The city of Wixom has bid adieu to 20-year veteran police Detective Gary Hamlin, one of the fearless few who stormed the Ford Motor Co.’s Wixom assembly plant in late 1996 to take down a shooter responsible for a murder.
Hamlin recently retired after a 26-year stint with the Wixom police force. One of the milestones of his career occurred on Nov. 14, 1996 when he received a call just before lunch that there were shots fired at the Ford plant.
“By the time I got to the plant the security officer rushed out to tell me there was a guy inside with an assault rifle,” Hamlin, 52, said. “The whole front of the building was shot out. There was glass everywhere.”
Hamlin saw the gunman in plain view and he, along with backup, trailed the suspect down a long, winding hallway.
“It’s surreal when I think of it — then he dropped on one knee and started shooting,” Hamlin said. “I shot back and he took off running. I chased him through the plant and he exited out the back and barricaded himself behind a berm.”
Hamlin and other officers exchanged gunfire with the suspect and patiently waited out the situation for three hours.
“I remember I was freezing to death,” Hamlin said. “He (the suspect) went into the drain tunnels. Then he came out and was shooting at news helicopters. He finally gave up since the SWAT teams and sheriff’s department armored vehicles were there.”
But shooter Gerald Atkins, a 29-year-old Wixom resident at the time, left death and destruction in his wake. Plant Manager Darrell Izzard, 59, was shot in the chest. Atkins later told Hamlin he found Izzard under his desk wounded and had to take the “kill” shot.
“Darrell thought he could talk to him, but (Atkins) opened fired on him,” Hamlin said.
Another contractual employee and two deputies were shot at the scene also, but survived.
Atkins is serving a life sentence without parole in Michigan’s Alger Correctional Facility in Munising after being convicted of first-degree murder and several other charges. He never worked at the Ford plant, but reportedly attacked the facility about a week after being turned away by plant security guards while trying to enter the facility to propose to a woman he had met at an area bar six weeks earlier.
Hamlin received the Michigan Association of Chiefs of Police medal of honor for his actions and was invited to Washington D.C. as one of the “top cops” that year.
“Gary prevented more people from being shot at that incident,” said Wixom Public Safety Director Clarence Goodlein. “He helped drive the suspect out of the building.
“There’s probably only a few men who are more loyal, committed, and courageous as Gary Hamlin,” Goodlein said.
Hamlin’s last day of service was June 29.
“It was my time to go,” he said. “I’m sure I’ll find something else to do down the road. Wixom was the best thing that ever happened to me.
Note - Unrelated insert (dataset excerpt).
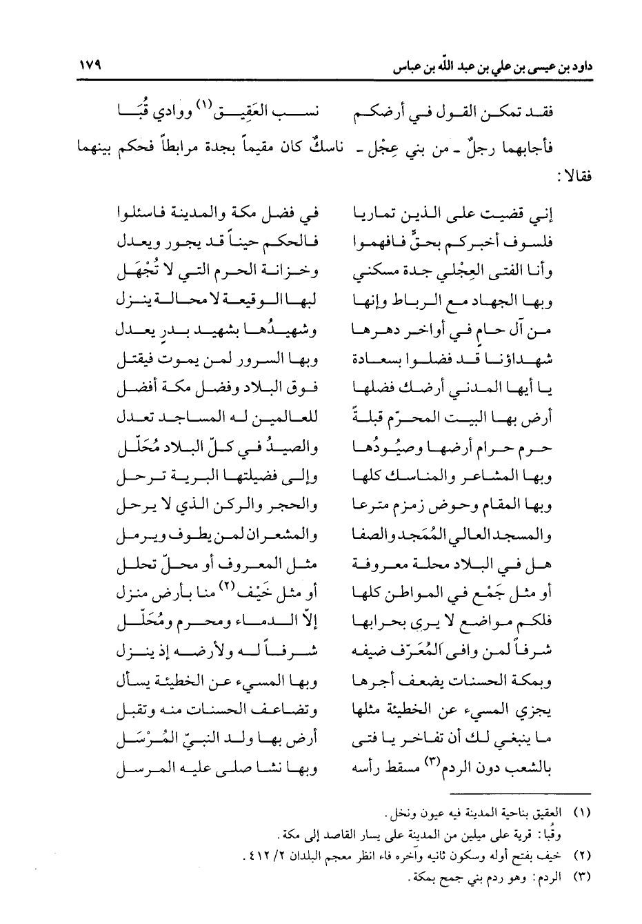 فقد تمكن القول في أرضكم * نسب العقيق (1) ووادي قبا * فأجابهما رجل من بني عجل ناسك كان مقيما بجدة مرابطا فحكم بينهما فقالا * إن قضيت على الذين تماريا * في فضل مكة والمدينة فاسئلوا فلسوف أخبركم بحق فافهموا * فالحكم حينا قد يجور ويعدل وأنا الفتى العجلي جدة مسكني * وخزانة الحرم التي لا تجهل * * وبها الجهاد مع الرباط وإنها * لبها الوقيعة لا محالة ينزل من آل حام في أواخر دهرها * وشهيدها بشهيد بدر يعدل شهداؤنا قد فضلوا بسعادة * وبها السرور لمن يموت فيقتل يا أيها المدني أرضك فضلها * فوق البلاد وفضل مكة أفضل أرض بها البيت المحرم قبلة * للعالمين له المساجد تعدل حرم حرام أرضها وصيودها * والصيد في كل البلاد محلل وبها المشاعر والمناسك كلها * وإلى فضيلتها البرية ترحل وبها المقام وحوض زمزم مترعا * والحجر والركن الذي لا يرحل والمسجد العالي الممجد والصفا * والمشعران لمن يطوف ويرمل هل في البلاد محلة معروفة * مثل المعروف أو محل تحلل أو مثل جمع في المواطن كلها * أو مثل خيف (2) منا بأرض منزل فلكم مواضع لا يرى بحرابها * إلا الدماء ومحرم ومحلل شرفا لمن وافى المعرف ضيفه * شرفا له ولأرضه إذ ينزل وبمكة الحسنات يضعف أجرها * وبها المسئ عن الخطيئة يسأل يجزي المسئ عن الخطيئة مثلها * وتضاعف الحسنات منه وتقبل * * ما ينبغي لك أن تفاخر يا فتى * أرض بها ولد النبي المرسل بالشعب دون الردم (3) مسقط رأسه * وبها نشا صلى عليه المرسل

“I will probably look for a part-time job — something police-related,” he said. “I used to be a tree trimmer before going into police work and I tinker with carpentry and am handy with just about anything, so we will see.”
The son of a Detroit police officer, Gary Hamlin, Sr., Hamlin began his tenure as a police officer in Wixom in December 1986. He was promoted to sergeant in November 2005.
During that year he encountered another suspect brandishing a gun. Hamlin disarmed the man without incident and as a result received an distinguished services citation for his actions.
Hamlin was appointed detective sergeant in January 2007. He was in charge of all investigations within the city until the time he retired.
“He had much policing and investigative experience,” Goodlein said. “He provided so much to the officers and staff through his leadership. I could go on and on about his service — he will be sorely missed.”
In addition to his quick thinking and bravery, Hamlin is known and respected as a humble and sincere guy.
“In addition to his accomplishments, he is always a regular, down to earth guy,” Goodlein said.
Hamlin and his wife, Theresa, have two college-age children, Sarah and Matthew.
The Wixom Police Department is made up of 19 sworn officers, two of them detectives. Hamlin’s position will remain vacant for now.